=== Material for the task ===

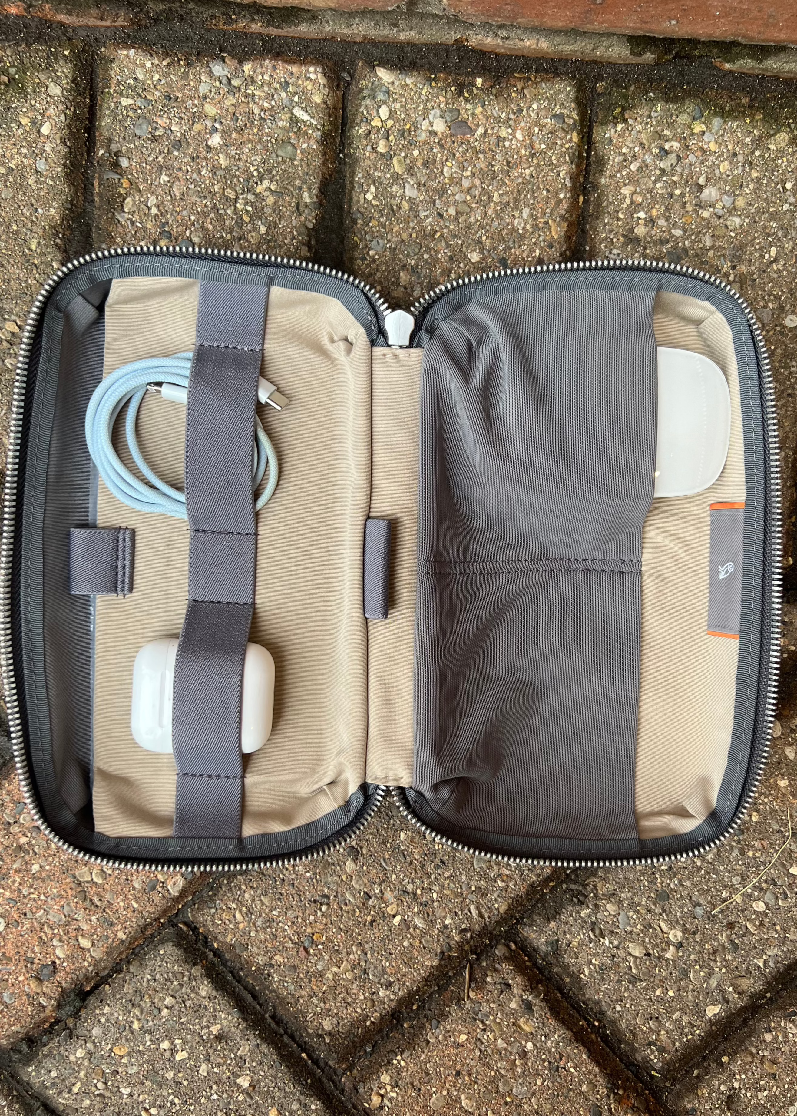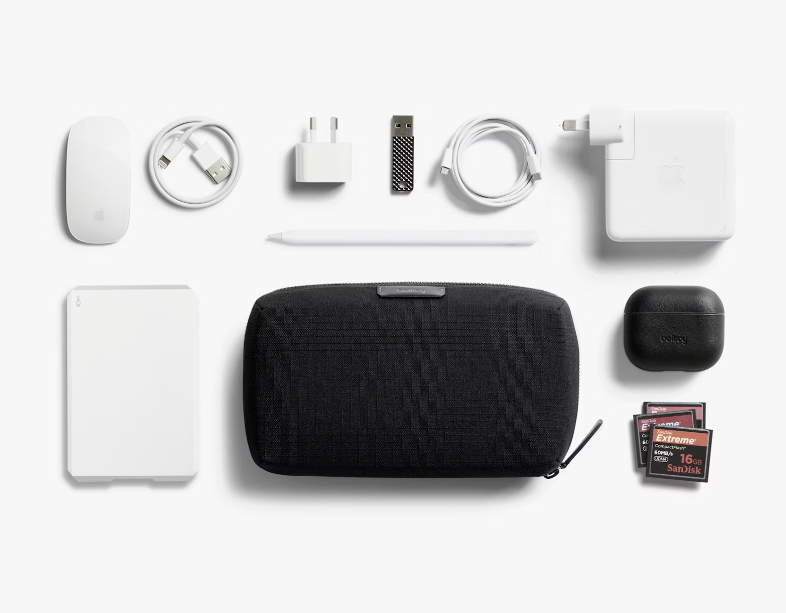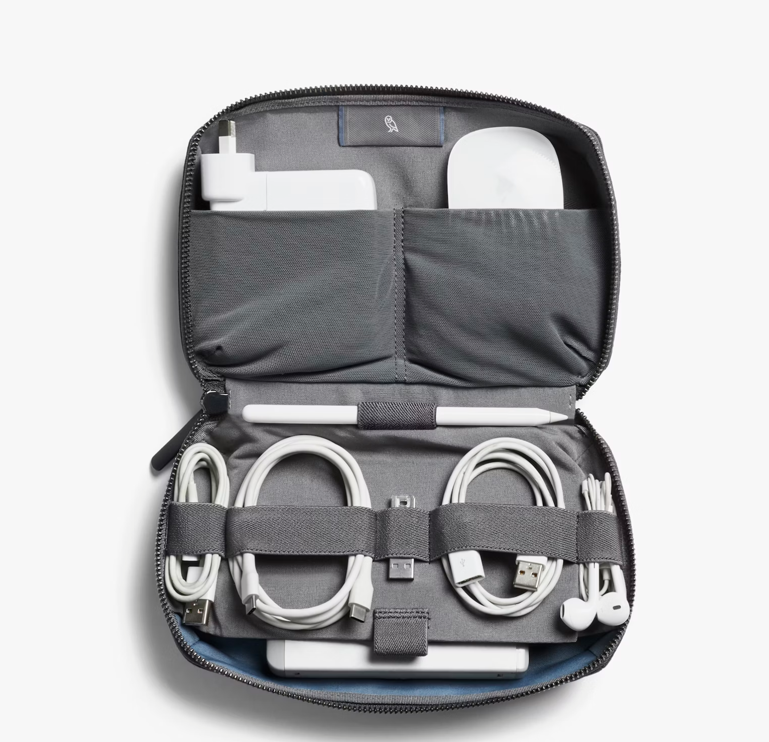 Easily organize all of your tech accessories in one place with the specially designed Tech Kit. This kit features a spacious main compartment optimized for larger accessories and extra bits, as well as a zipped flat design for easy access. The magnetic slip pocket can fit a power bank, while the stretch mesh pockets are perfect for storing smaller bits and pieces. Keep your cables organized with the floating wall and elastic cable organizer inside. Made from recycled woven fabric and Ribba Weave, this kit is both environmentally friendly and durable.
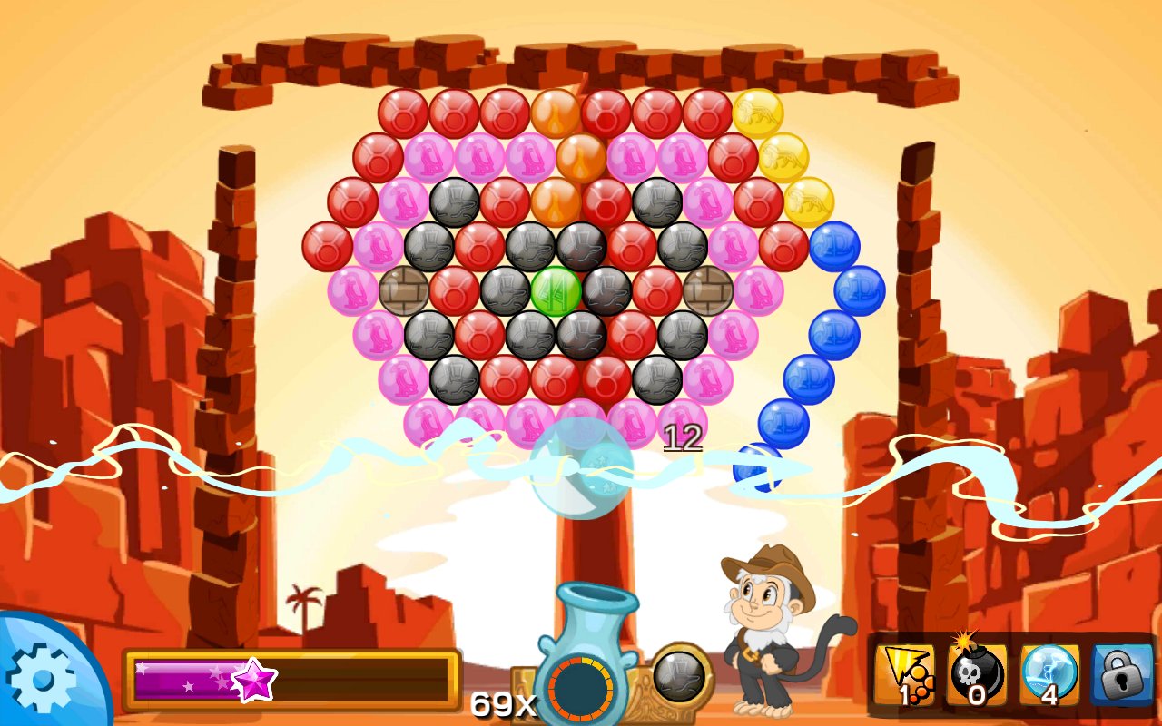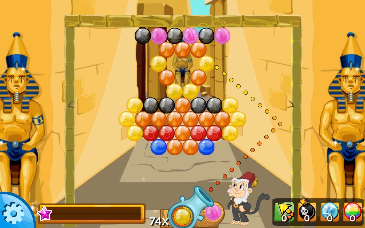 Bubble Raider – shoot from a cannon and blast them in this fun game for Android. Use your logic the excellent shooting skills to accurately determine the trajectory of the bubble and into a cluster of identical balls at the top. Match groups of three or more similar color bubbles and make them disappear, clearing the playing field. Along with the fun monkey travel at numerous levels of the game and score enough points. Help monkey to get many treasure games, ranging from gold of the pharaohs and ending with the ancient artifacts of China. Accurately shoot bubbles and try to do a punch combo, by building the longest chain.
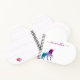 Un unicornio fantástico de color turquesa, morado y un poco rosado para un chica adolescente. Fondo blanco. Personalice y agregue su nombre al frente. El nombre está escrito con un gran guión moderno de estilo con letras a mano. Letras de color púrpura. Para que los cambios sólo eliminen el nombre del ejemplo, deje los espacios o la emoji delante y después del nombre. Fondo blanco y unicornio.
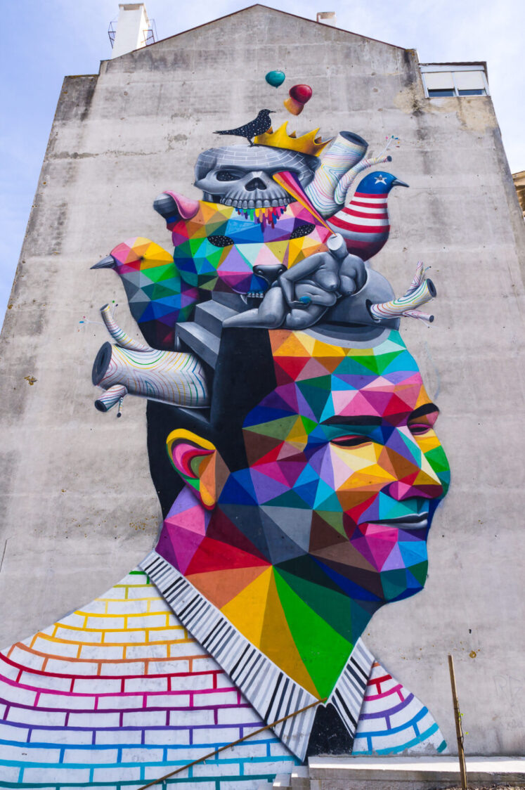 Okuda San Miguel, artiste espagnol né en 1980 à Santander, transforme les murs du monde entier en véritables explosions de couleurs et de formes géométriques. Ses fresques mêlent pop-art, surréalisme et figures squelettiques ou animales, créant un univers à la fois joyeux et philosophique. Chaque œuvre est une invitation à observer la dualité de la vie, entre nature et société, rêve et réalité, le tout avec un style immédiatement reconnaissable et résolument vibrant.
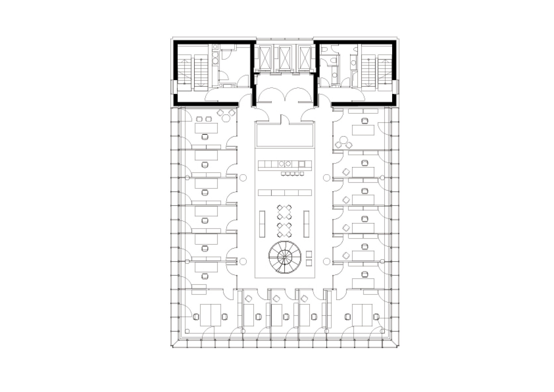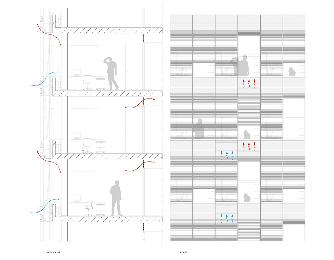 The primary facades are designed as a column and beam construction, the secondary facades as an elemented curtain wall. The space between the upper and lower story is closed so that there is an independent air belt around every floor. An active concrete core conditioning levels off the building’s inner stress. At night, the concrete core conditioning of the ceiling cools down the inside, a re-cooling system has been installed for this on the roof. Water acts as a heat carrier. The nocturnal air withdraws the heat from the water with ventilators and cooling lamellas. A sprinkler reservoir is used as a cold storage buffer: This allows the ceilings to be cooled most of the day exclusively with natural ambience cold. The Fraunhofer-Haus provides for high thermal comfort without active air conditioning.
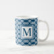 Mug Monogramme géométrique en latex moderne bleu océan
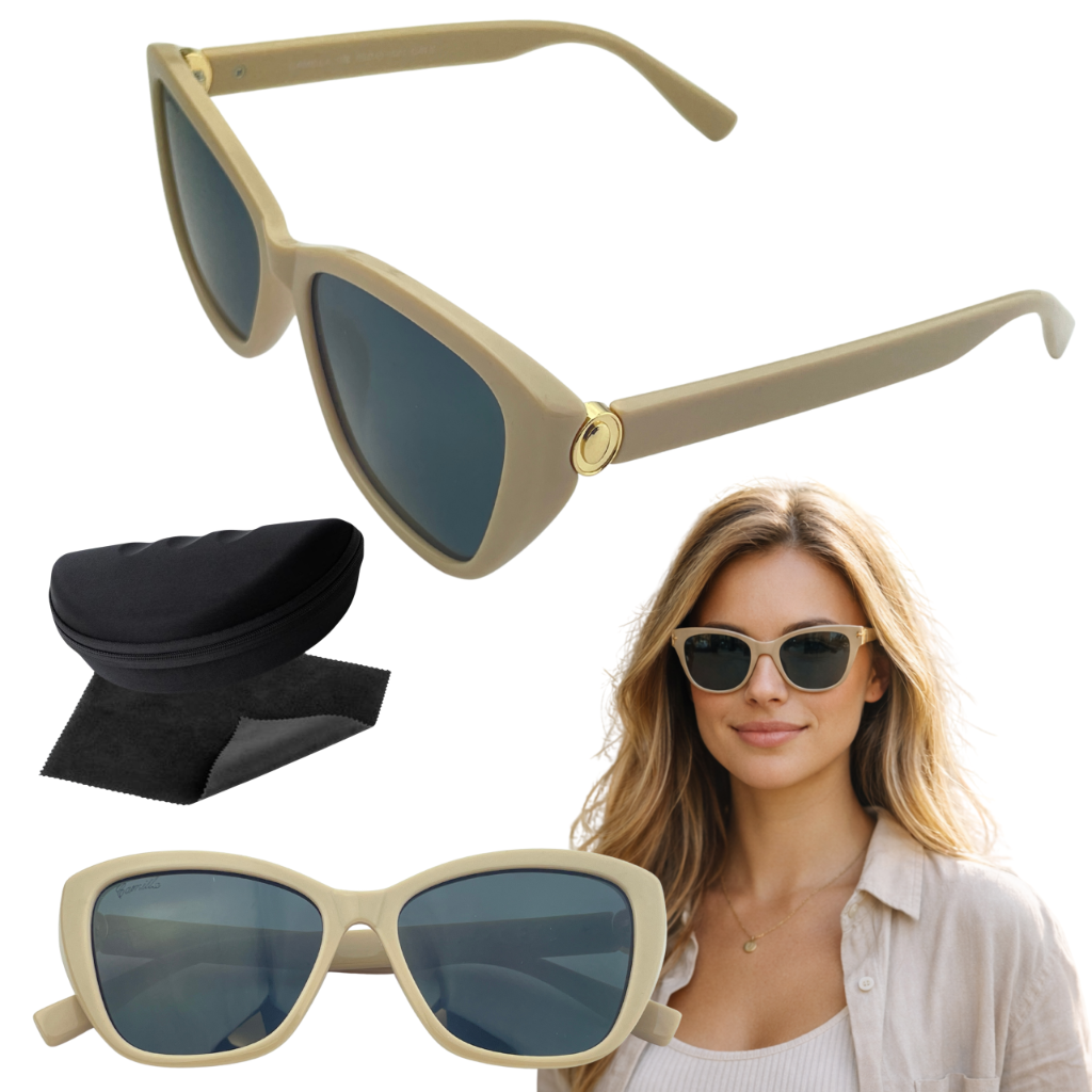 Okulary Przeciwsłoneczne Damskie Kremowe POLARYZACJA UV400 Etui Camilla
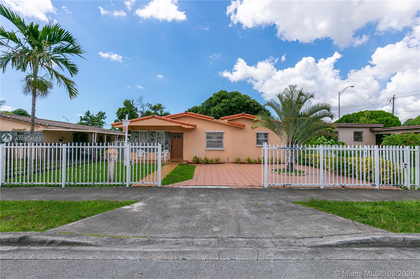 This single family one-story home is on a 5,600 sq ft lot in a quiet, residential street in the Hialeah Park neighborhood. Conveniently located close to major highways, main roads, Miami International Airport, and Miami Springs restaurants and shops. This property is in move-in condition and it is full of potential. From the kitchen to living space there is plenty of room for family and friends. No HOA. Gated, circular driveway, en-suite Master bathroom, laundry room, GE Water Heater, Rheem AC. Enjoy the shaded backyard or outdoor space in the back with wood fence for privacy. Hurricane shutters. Easy to show, schedule your visit today.
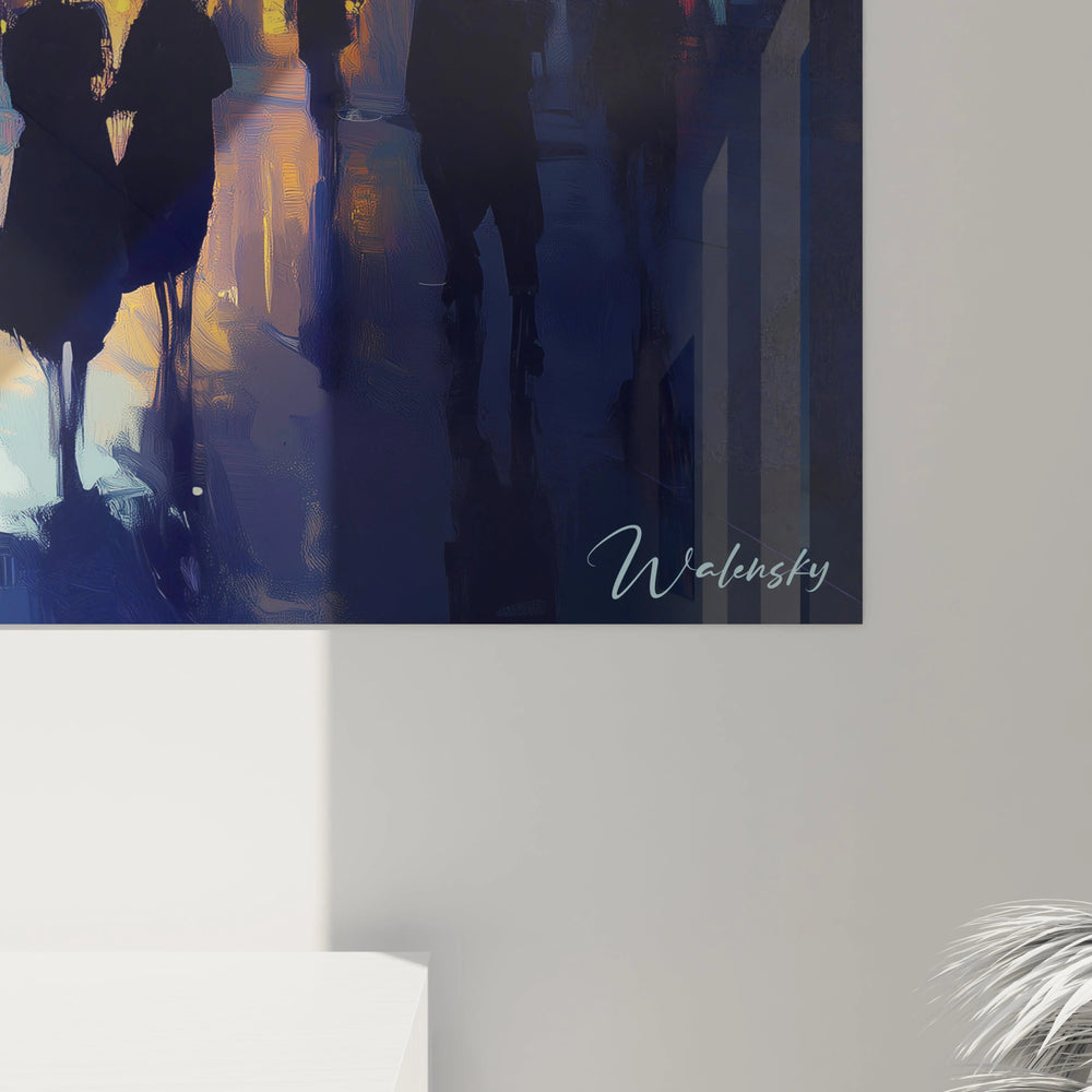 Ce tableau ne se contente pas de figer un paysage : il vous plonge au cœur d’une métropole en mouvement, où silhouettes floues et reflets chatoyants sur les pavés racontent une histoire d’agitation mêlée de douceur. Le passage subtil du jour à la nuit est ici représenté par un jeu maîtrisé entre ombres et lumières, qui invite à la contemplation et à l’évasion.

===

### [What to produce]
Exactly the lines from the line containing "Okulary Przeciwsłoneczne Damskie" to the end of the records need to be copied, both ends included, with pictures left out.

### [Written response]
 Okulary Przeciwsłoneczne Damskie Kremowe POLARYZACJA UV400 Etui Camilla
 This single family one-story home is on a 5,600 sq ft lot in a quiet, residential street in the Hialeah Park neighborhood. Conveniently located close to major highways, main roads, Miami International Airport, and Miami Springs restaurants and shops. This property is in move-in condition and it is full of potential. From the kitchen to living space there is plenty of room for family and friends. No HOA. Gated, circular driveway, en-suite Master bathroom, laundry room, GE Water Heater, Rheem AC. Enjoy the shaded backyard or outdoor space in the back with wood fence for privacy. Hurricane shutters. Easy to show, schedule your visit today.
 Ce tableau ne se contente pas de figer un paysage : il vous plonge au cœur d’une métropole en mouvement, où silhouettes floues et reflets chatoyants sur les pavés racontent une histoire d’agitation mêlée de douceur. Le passage subtil du jour à la nuit est ici représenté par un jeu maîtrisé entre ombres et lumières, qui invite à la contemplation et à l’évasion.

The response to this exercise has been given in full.